■ What to do ■
Look through the records below and copy each line that includes the word "These".

■ Data ■

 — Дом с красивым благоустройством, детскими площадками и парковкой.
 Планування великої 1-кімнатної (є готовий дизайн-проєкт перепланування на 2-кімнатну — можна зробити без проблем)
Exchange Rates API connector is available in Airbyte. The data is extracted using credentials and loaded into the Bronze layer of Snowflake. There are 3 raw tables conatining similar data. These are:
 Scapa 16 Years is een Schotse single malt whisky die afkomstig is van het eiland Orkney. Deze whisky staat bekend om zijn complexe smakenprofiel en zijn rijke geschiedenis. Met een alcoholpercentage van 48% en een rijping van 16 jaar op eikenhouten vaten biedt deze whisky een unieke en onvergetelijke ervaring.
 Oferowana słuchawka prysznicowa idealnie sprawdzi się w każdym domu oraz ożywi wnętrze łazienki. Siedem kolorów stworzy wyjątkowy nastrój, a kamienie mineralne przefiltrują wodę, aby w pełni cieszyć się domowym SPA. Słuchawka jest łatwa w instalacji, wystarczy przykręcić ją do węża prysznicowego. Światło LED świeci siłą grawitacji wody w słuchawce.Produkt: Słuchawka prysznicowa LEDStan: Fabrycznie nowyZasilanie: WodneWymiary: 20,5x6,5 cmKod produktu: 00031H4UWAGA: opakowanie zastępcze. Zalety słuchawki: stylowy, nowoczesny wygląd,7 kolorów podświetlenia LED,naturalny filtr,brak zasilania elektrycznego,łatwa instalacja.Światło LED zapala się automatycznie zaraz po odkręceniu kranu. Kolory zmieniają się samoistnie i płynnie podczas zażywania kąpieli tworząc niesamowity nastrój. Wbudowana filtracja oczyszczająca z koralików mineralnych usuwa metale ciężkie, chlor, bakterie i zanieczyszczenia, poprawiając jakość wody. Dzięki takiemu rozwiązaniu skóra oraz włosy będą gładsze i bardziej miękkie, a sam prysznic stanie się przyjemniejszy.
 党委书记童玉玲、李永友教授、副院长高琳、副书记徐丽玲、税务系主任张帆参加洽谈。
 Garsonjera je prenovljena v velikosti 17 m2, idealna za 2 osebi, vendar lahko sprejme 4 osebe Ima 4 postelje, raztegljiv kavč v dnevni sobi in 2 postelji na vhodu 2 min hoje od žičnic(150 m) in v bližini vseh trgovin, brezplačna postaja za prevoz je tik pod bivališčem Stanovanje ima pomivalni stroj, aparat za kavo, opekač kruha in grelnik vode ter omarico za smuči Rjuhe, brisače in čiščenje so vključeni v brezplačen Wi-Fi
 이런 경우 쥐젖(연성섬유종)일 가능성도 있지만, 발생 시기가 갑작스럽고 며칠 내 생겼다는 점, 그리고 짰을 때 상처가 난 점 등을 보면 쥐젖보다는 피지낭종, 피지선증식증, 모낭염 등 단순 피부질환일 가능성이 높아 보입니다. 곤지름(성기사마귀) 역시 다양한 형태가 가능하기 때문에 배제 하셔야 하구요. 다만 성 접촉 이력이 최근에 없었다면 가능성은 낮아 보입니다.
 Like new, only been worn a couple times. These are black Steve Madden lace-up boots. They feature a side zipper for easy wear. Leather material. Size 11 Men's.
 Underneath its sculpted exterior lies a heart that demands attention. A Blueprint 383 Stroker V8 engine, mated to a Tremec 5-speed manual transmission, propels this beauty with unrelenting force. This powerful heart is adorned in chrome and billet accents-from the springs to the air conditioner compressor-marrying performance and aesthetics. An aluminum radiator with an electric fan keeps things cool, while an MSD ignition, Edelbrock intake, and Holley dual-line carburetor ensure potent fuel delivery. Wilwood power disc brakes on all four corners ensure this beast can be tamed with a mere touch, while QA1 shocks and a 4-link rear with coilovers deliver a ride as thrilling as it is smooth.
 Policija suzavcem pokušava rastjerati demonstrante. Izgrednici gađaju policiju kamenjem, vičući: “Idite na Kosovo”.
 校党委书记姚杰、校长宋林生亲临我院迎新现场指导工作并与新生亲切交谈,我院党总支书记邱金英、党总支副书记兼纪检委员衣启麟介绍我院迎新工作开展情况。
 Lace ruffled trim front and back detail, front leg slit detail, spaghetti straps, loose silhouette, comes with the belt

■ Exercise solution ■
Exchange Rates API connector is available in Airbyte. The data is extracted using credentials and loaded into the Bronze layer of Snowflake. There are 3 raw tables conatining similar data. These are:
 Like new, only been worn a couple times. These are black Steve Madden lace-up boots. They feature a side zipper for easy wear. Leather material. Size 11 Men's.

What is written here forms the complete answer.